The remilitarisation of Japan underscores the warnings made by the International Committee of the Fourth International (ICFI) in its February 18 statement “Socialism and the Fight against War” that the world is being drawn once again into a catastrophic global conflict. Behind the backs of their populations, capitalist governments are gearing up for war and becoming increasingly bellicose.
“As in the years that preceded the outbreak of World War I in 1914 and World War II in 1939,” the statement declares, “political leaders and military planners are approaching the conclusion that a war between major powers is not a remote possibility, but, rather, highly probable and, perhaps, even inevitable. At a certain point, such military fatalism becomes a significant contributing factor to the outbreak of war.”
As is today the case in Germany, the road to war is being prepared in Japan with a reactionary campaign to revise history and whitewash the monstrous crimes of Japanese imperialism in the 1930s and 1940s. Abe, whose maternal grandfather Nobusuke Kishi was part of the wartime Japanese cabinet, speaks for broad sections of the ruling elite who justify Japan’s role in World War II as a struggle to free Asia from Western colonialism. Abe appointees have dismissed the wartime sexual slavery of hundreds of thousands of “comfort women” by the Japanese military and downplayed or denied such atrocities as the Rape of Nanjing, in which up to 300,000 Chinese civilians and prisoners were slaughtered.
The government is whipping up Japanese patriotism and a climate of fear over the Chinese “threat” so as to justify rearmament. At the same time, it is seeking to project mounting social tensions outward against a foreign enemy. A quarter century of slump has been compounded by the failure of so-called Abenomics to revive the Japanese economy.
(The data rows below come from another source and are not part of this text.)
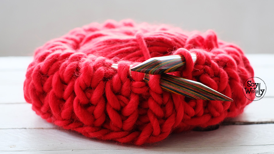 Lo ideal, si estás empezando a tejer, es que lo intentes con agujas gordas y lana gruesa, para que veas muy bien dónde introducir la aguja en la vuelta de abajo, por eso te recomiendo las agujas circulares con las que tejo: las que más me gustan son las de Knit Pro, de madera, intercambiables, modelo Symphonie: KnitPro KP20414 – Aguja de punto, 15
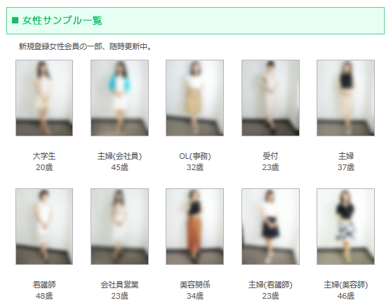 SAMPLEのページをご覧いただけると分かるとおり、女性会員の年齢層も幅広く落ち着いた雰囲気の大人の一般女性が登録しています。
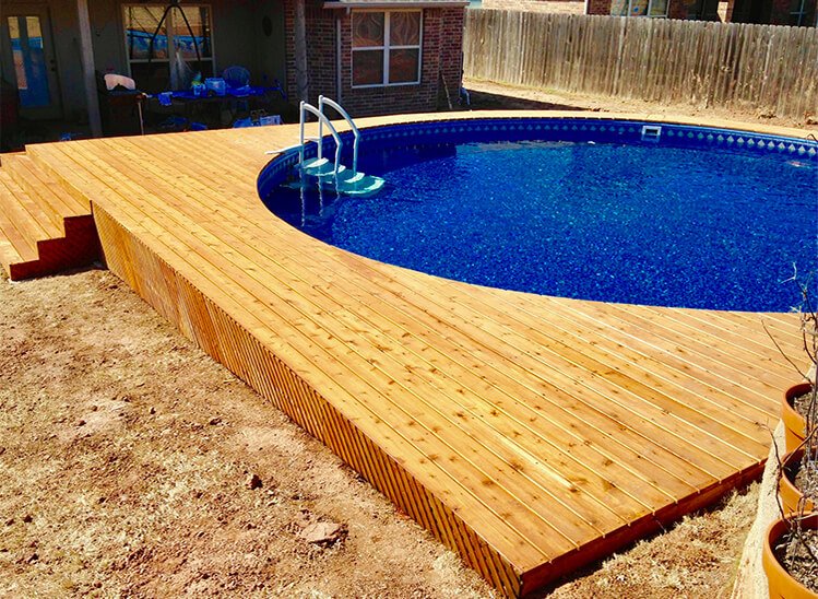 You can have any type of paneling or decking around a Stealth Semi-In Ground Pool, from wood decking to poured concrete. Adding decking furthers the look of a traditional inground pool while providing an area for you and your guests to lounge, dine, and enjoy the fun in the sun.
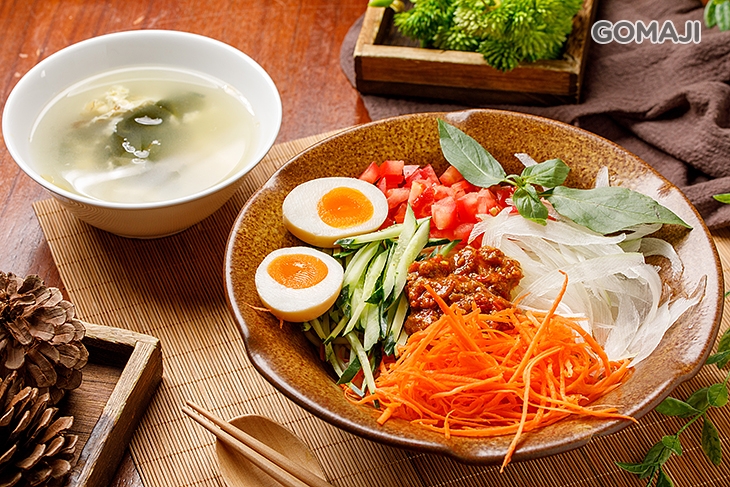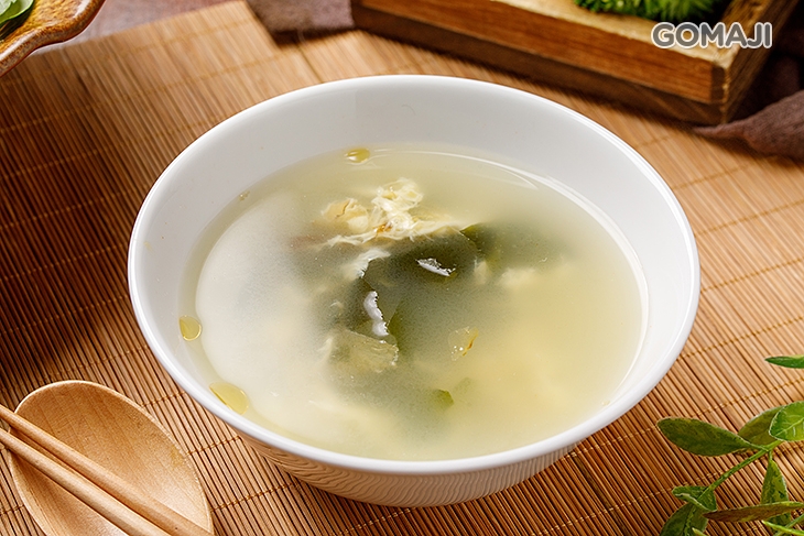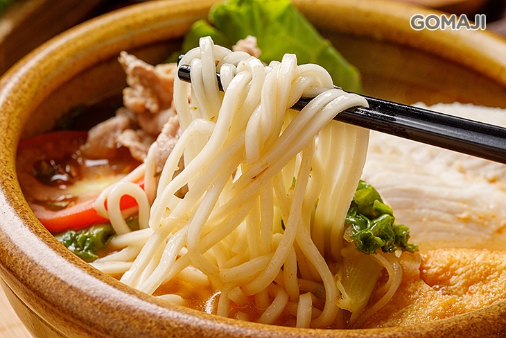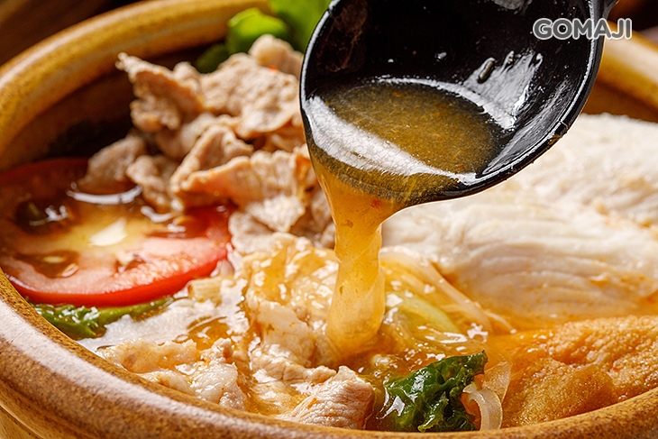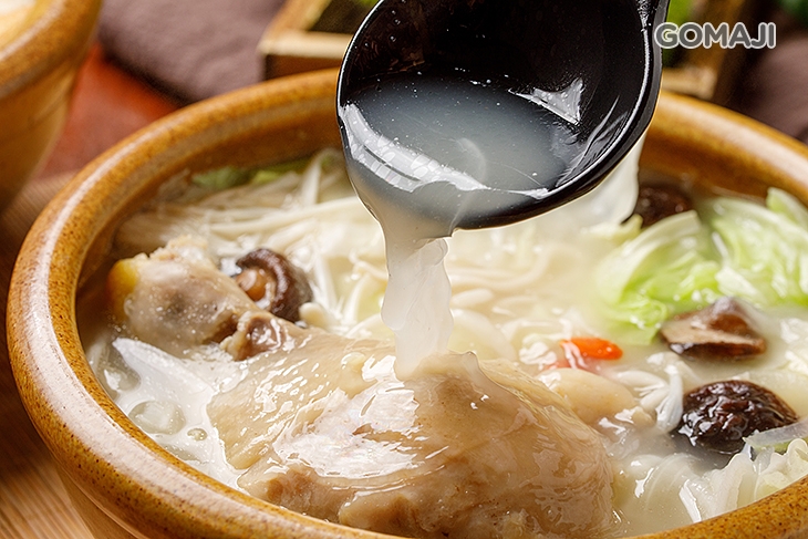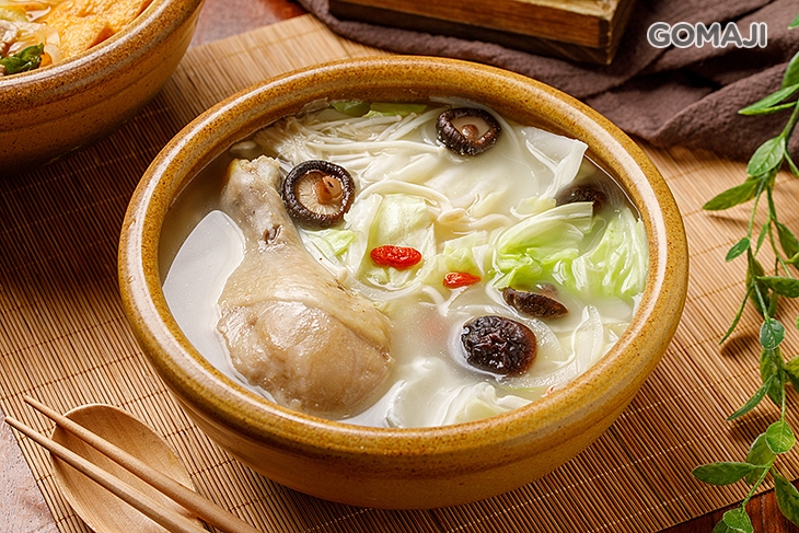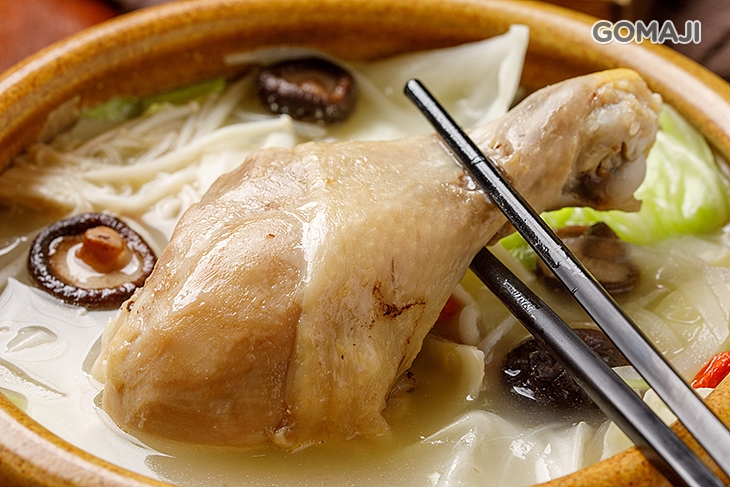 由雞肉、雞油、豬肉、香菇粉、薑汁、食鹽、蒜、香料烹調而成的湯底,口感如日式雞白湯,淡雅中帶點清香、不帶油膩,再搭配獨家烹調的雞腿肉、金針菇與香菇,湯醇肉嫩,不論四季都適合享用。
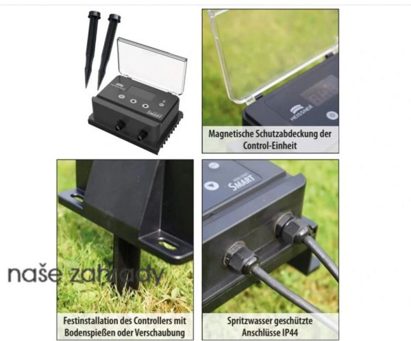 Externí ovladač lze umístit do trávníku pomocí zemních hrotu nebo přišroubovat ke stěně pomocí nástěnného držáku.
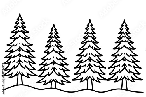 Fototapeta premium Evergreen Trees in Snow – Clean Line Art
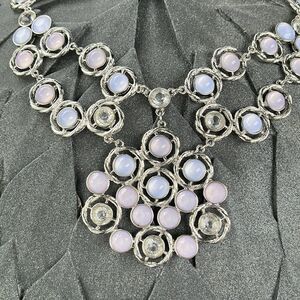 An extremely beautiful necklace with intricate detailing in white and silver tones silver chain snd stone settings . Lobster claw clasp.
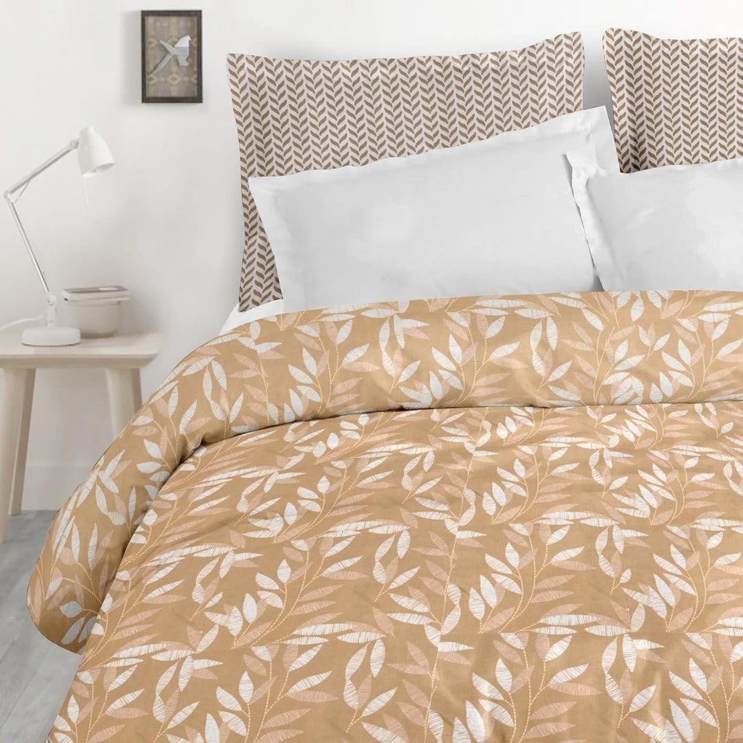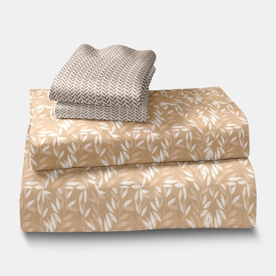 Blossom Glace Cotton Printed Double Bedsheet - Khaki
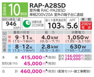 日立 ルームエアコン 一方向カセット型 PAシリーズ 10畳用 (RAP-A28SD)
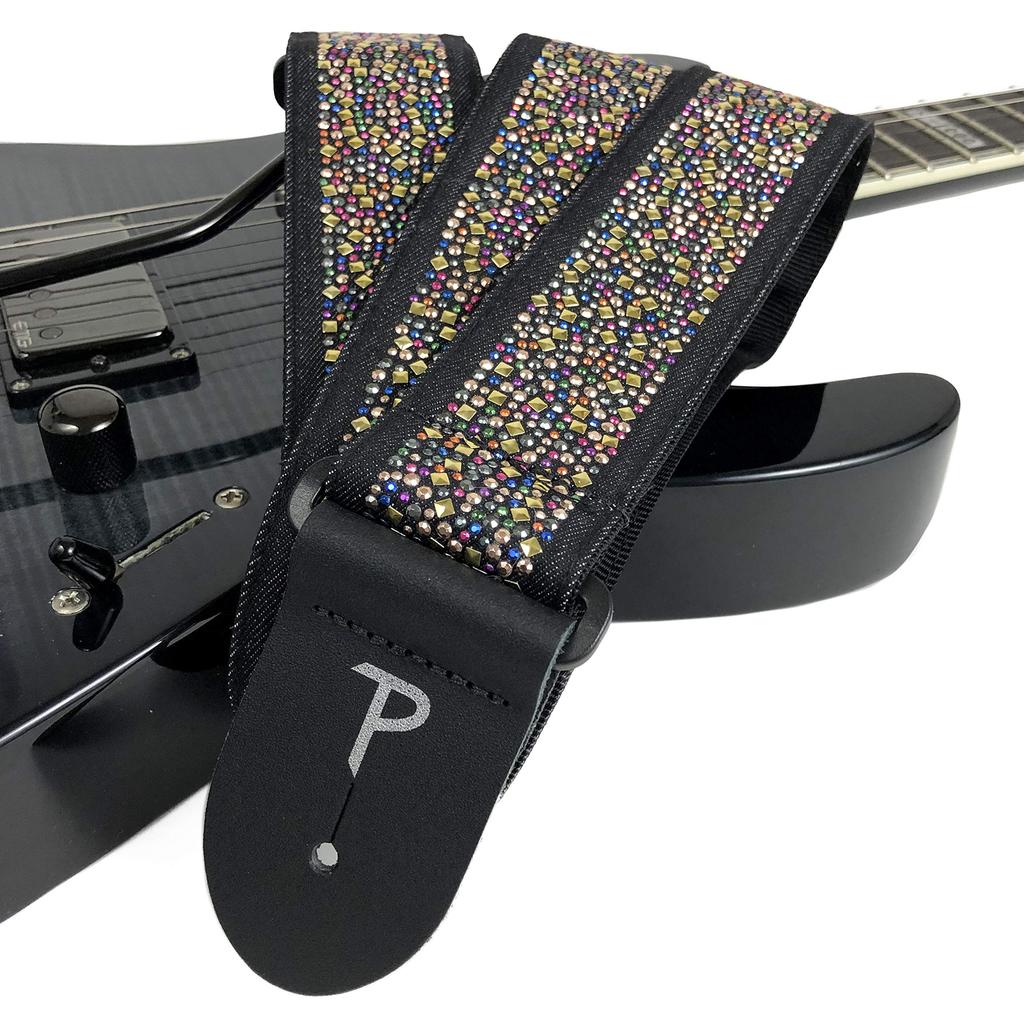 These 2-inch (5.1cm) wide jacquard guitar slaps feature a colorful rhinestone design.
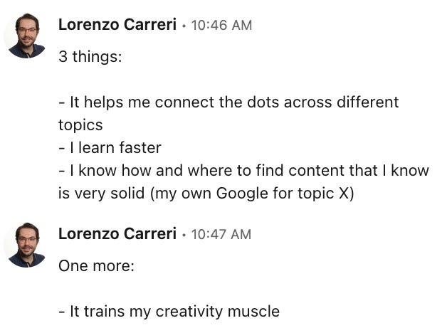 If you are a knowledge worker like me, it's part of your job to take notes, triangulate findings, and act on them. The note-making system is how I found harmony in getting things done. It makes me feel proactive about my information diet.
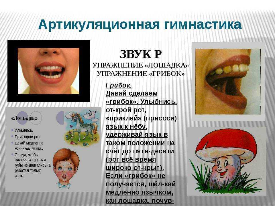 Артикуляционные аппарат находится в тонусе или полностью расслаблен. Губы, щёки и язык напряжены или недостаточно подвижны. И то, и другое мешает ребёнку научиться правильно выговаривать букву «р». Тогда логопед предлагает артикуляционные упражнения.

Wages remain at the level they were two decades ago, and many young people are condemned to a future of unemployment or low-paid casual work. This week, the Financial Times reported that large numbers of elderly people are committing petty crimes in order to get themselves jailed because they cannot survive on their meagre pensions.
The same crisis of global capitalism that is fuelling the drive to war is giving fresh impetus to socialist revolution. Opposition to war and militarism is deeply embedded in the Japanese working class, which suffered not only the police-state rule of the wartime militarist regime in Tokyo, but also the murderous US bombing raids. The Japanese people remain the only population to have experienced the horrors of nuclear incineration in the atomic bombing of Hiroshima and Nagasaki.
Some of the largest anti-war protests in Japanese history took place last year as the Abe government rammed its military laws through the parliament. At their height, the demonstrations swelled to 120,000 in Tokyo, with smaller protests in hundreds of other cities and towns. That anti-war sentiment, however, remained trapped within the parliamentary framework, as the Japanese Communist Party and various pseudo-left organisations have subordinated the protests to the capitalist Democratic Party of Japan, which has no fundamental disagreement with the military legislation.
Workers and youth in Japan, like their counterparts around the world, can halt the slide towards world war only through the construction of an international anti-war movement of the working class based on the program of socialist internationalism. The spread of war can be ended only by abolishing the social order that is its root cause—capitalism, with its archaic nation-state system. The ICFI is the only political organisation on the face of the planet fighting for this perspective. We urge our readers in Japan and throughout Asia to take up the struggle to build this anti-war movement.